Note that I said THOUGHT that ran through his head, one not FOLLOWED UP with by a communication of any kind. No response. It wasn’t that I actually cared if he was busy. I didn’t need a yes, I just needed a response. “Sorry, not free this wknd. Next wk sometime?”

That would have been nice.

Instead, about a week later I texted him again, mostly because I was curious as to what had actually happened, rather than the unproductive circles being danced around in my head. I said, “Hey, did you get my text last weekend? J” (smiley included so it couldn’t be interpreted harshly, like “HEY, motherfucker, did you get my motherfucking TEXT last week, or WHAT??” which was … well, just a teensy bit what I meant). Anyway, he texted back, “Yeah, sorry, I was busy last weekend.”

Or something like that. I can’t remember because I then deleted both the texts and his number. I know enough to know that if he had still be interested, he would have said something else.

So let me explain something in terms of how I conceptualize male and female brains. I am a big fan of the law of 80/20, and I believe that the vast majority of women operate in a world that is comprised of 80% emotional decision-making and 20% logical/rational.

 

And when I say ‘decision-making’ I mean, well, pretty much everything: how we interpret what other people say/do to us, how we interpret what we say/do to others, whether to date someone, whether to break up with someone, what to have for breakfast, etc. Men, on the other hand, operate in a universe in which approximately 80% of their decision-making (and world paradigms) are made on the basis of logic/rationality, and 20% on emotional content.

That means that roughly 40% of the time (or 80%, depending on how you look at it), THERE ARE MAJOR FUCKUPS. Seriously, if life were a highway, we’re talking about semis piled up on the side of the road on a bridge over which several are still dangling, mangled and bloody with mutilated remains. That is how far the misunderstandings between men and women go. Is it me or does it feel sometimes that there are literal chasms between us? Based on the rate of divorce I’m gonna go with, I’m right.

The point is, the way Troy responded (oops, I mean, DIDN’T) was completely rational from a man’s point of view. In his world of “logic,” because he wasn’t available that weekend, he didn’t respond. And in actuality, this wasn’t illogical, especially because upon reviewing my actual text to him, I saw that there was no actual question. It was more like, “Hey, what’s your wknd like? I’m free Sat and Sun there’s a hot tub party if u wanna come.” So if the actual question was, “What’s your weekend like?” and one’s weekend was busy, one could easily forget to respond, because the upshot would be the same: I can’t meet up.

 

But on my side, I felt stupid for reaching out and getting no response. And of course, underneath ‘stupid’ is usually ‘angry’ and underneath ‘angry’ is almost always hurt.

Let's get freaky in my teepee.

So guys, please respond.
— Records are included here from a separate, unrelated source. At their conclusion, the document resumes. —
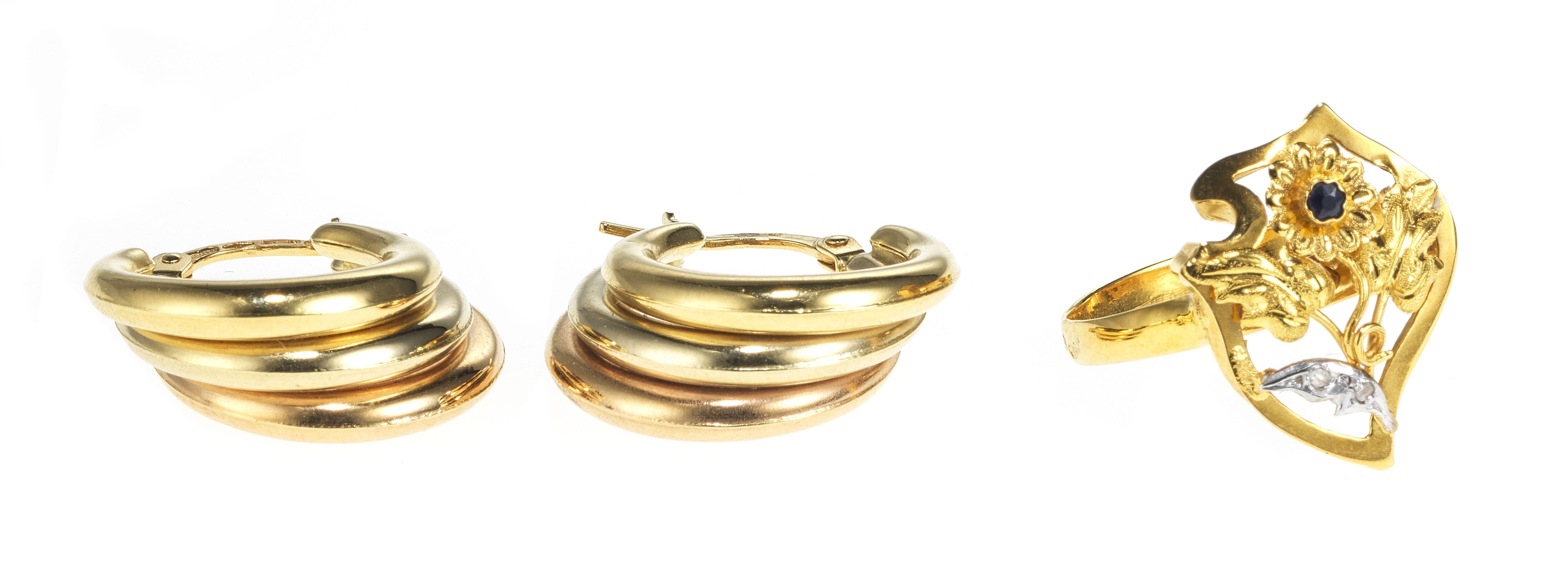 3245. *Lot d'une paire de créoles trois ors et d'une bague de style Art nouveau figurant une fleur sertie d'un petit saphir
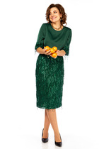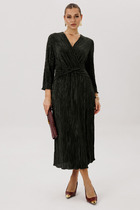 Платье женское повседневное полуприлегаюшего силуэта до талии с расширенной юбкой , выполнено из однотонного хлопка в полоску. Вырез горловины воротник на стойке рубашечного типа,застежка планка на обметанные петли и пуговицы, плечо спущенное , рукав втачной по низу на притачной манжете . В рукаве притачная пата с помощью которой можно менять длину рукава. Юбка из трех воланов на подкладке,в боковых швах обработаны карманы.На левой стороне полочки платья накладной карман с пряжкой . Декором платья служат отделочные пуговицы и накладной карман с пряжкой .
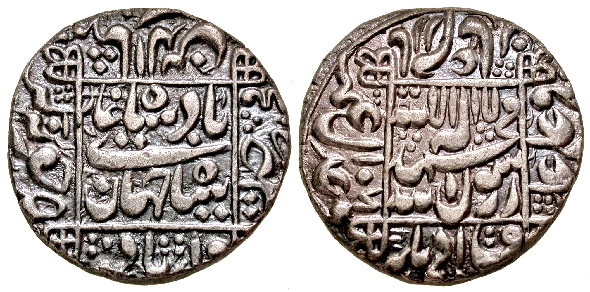 Lot 233. Mughal Dynasty. Shah Jahan. AH1037-1068, 1628-1658 AD. AR Rupee. Junagarh mint, AH1071 (posthumous issue). Extremely Rare.
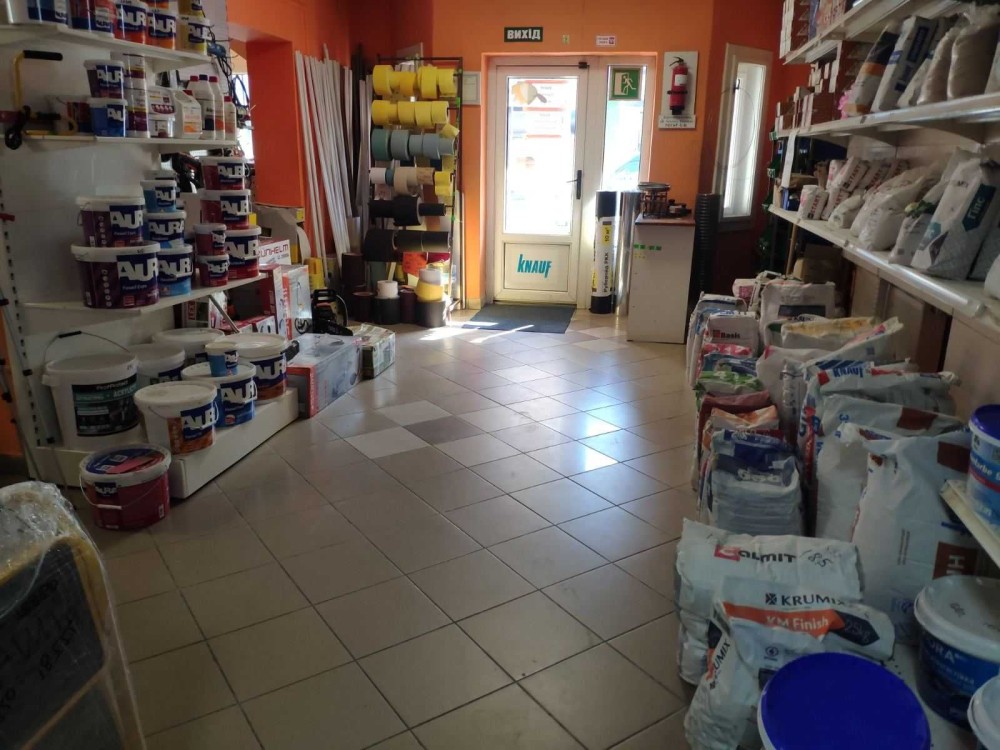 Діючий магазин,площа 550 м2 ,Знаходиться в м.Тячів вул.Гагаріна ,опалення газ/світло,є колірувальне обладнання фарби-штукатурки,є можливість збільшити торгову площу,персонал навчений працює практично автономно.
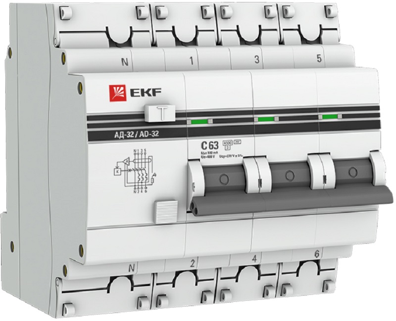 Дифференциальный автоматический выключатель АД-32 EKF PROxima представляет собой аппарат, сочетающий функции автоматического выключателя с устройством защитного отключения. При обнаружении автоматическим выключателем в защищаемом участке сети тока утечки (повреждения) на землю или сверхтока (тока перегрузки или короткого замыкания) происходит срабатывание устройства, приводящее к отключению защищаемой сети.
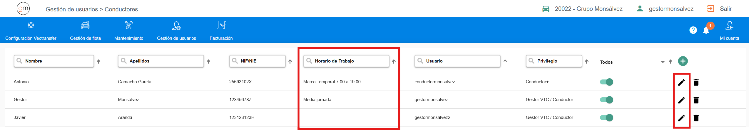 Navegar hasta Gestión de usuarios > Conductores y, para los conductores que deseemos que realicen el registro horario, editar cada conductor y asignar uno de los Horarios de trabajo creados.

You can call us or text us or email us or BBM us or send us a singing telegraph or fricking smoke signals if you want, but don’t – please don’t – leave us hanging. You’d be staggered at the amount of sex women haven’t had with men simply because the men didn’t respond. It wasn’t even that that didn’t respond satisfactorily – it was that they straight up didn’t respond.

Don’t be that guy. Be the guy that communicates, even if you don’t do it perfectly.